Q: "n=9 is too small." A: We agree. Cliff-cell seed sweep with 5 seeds × 3 needles = 15/cell is in the tech report appendix. The headline cells have wider error bars; the cliff direction does not change.

Q: "Why not run 8B?" A: Tried. Q4_K_M GGUF on Metal runs at ~12 min per inference for 3B, not feasible for a 90-trial grid. We're working on the Metal Q4_K_M kernel; expect 8B numbers in v2.

Q: "Is this a quant.cpp bug? Does llama.cpp do the same?" A: We tested with the exact same Q8_0 GGUF. The cliff reproduces under both quant.cpp's default loader and the FP32-weights path (TQ_NO_Q4=1). It is not specific to a quantization scheme.

Q: "Did you try a system prompt?" A: We tried six prompt formats including system prompts, structured <<<DOCUMENT>>> delimiters, few-shot Q/A, and raw continuation.
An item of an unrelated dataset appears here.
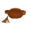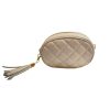 Γυναικείο τσαντάκι μέσης δερμάτινο  σε σχήμα οβάλ με φουντίτσα

The simple format we report was the best of the six. Format-sensitivity is documented in §5.1 of the report.

Q: "RULER / LongBench would be better." A: Yes. RULER is the obvious next step and is in §8 (Future Work). This is a v1 measurement explicitly scoped to the question "where does the cliff sit at edge scale" — not a comprehensive long-context benchmark.